Species of gastropod

Maoritomella multiplex is a species of sea snail, a marine gastropod mollusk in the family Borsoniidae.

==Description==
The height of the shell attains 5.5 mm, its width 2.5 mm.
The white and chalky shell has a fusiform shape. Fresh specimens are pale pink. The shell shows no axial sculpture. The whorls contain a smooth upper and a gemmate lower keel. The protoconch is smooth. The height of the spire equals about that of the aperture with siphonal canal.

Each whorl is tabulated below the suture, and the tabulation ends anteriorly in a prominent spiral thread. Then follows a second tabulation, terminating in a row of oval gemmules, about 15 mm on the body whorl. Just posterior to the gemmules is a fine spiral thread carrying the abruptly curved sharp threads of the anal sinus.

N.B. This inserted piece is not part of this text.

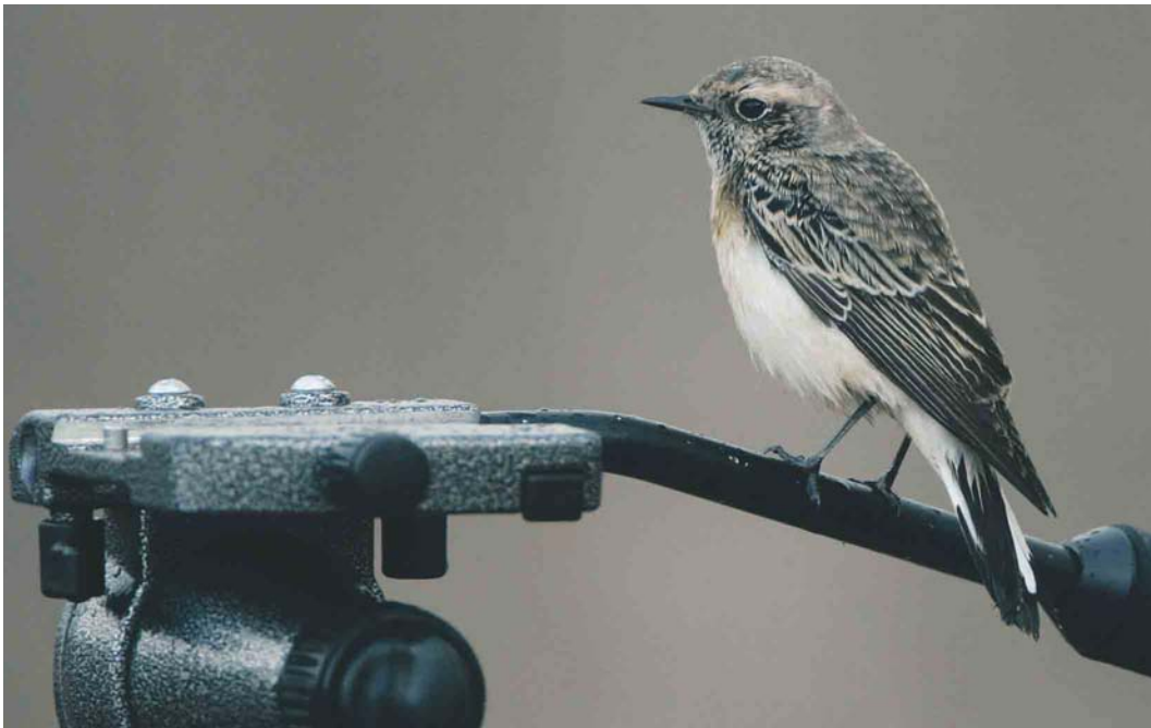
468 Pied Wheatear / Bonte Tapuit Oenanthe pleschanka , Helgoland, Schleswig-Holstein, Germany, 19 October 2003

These threads are regularly interspaced, elevated, and very distinct on both tabulations. They are covered by the first spiral, but override the second with a sharp downward bend. On the body whorl they change their character, becoming mere striations, and more numerous than in the fasciole of the anal sinus. A second slightly gemmed thread appears on the body whorl, and 2 fine spiral lines on the anterior tabulation. On the base of the shell there are 4 strong spirals, and on the siphonal canal about 10 much weaker.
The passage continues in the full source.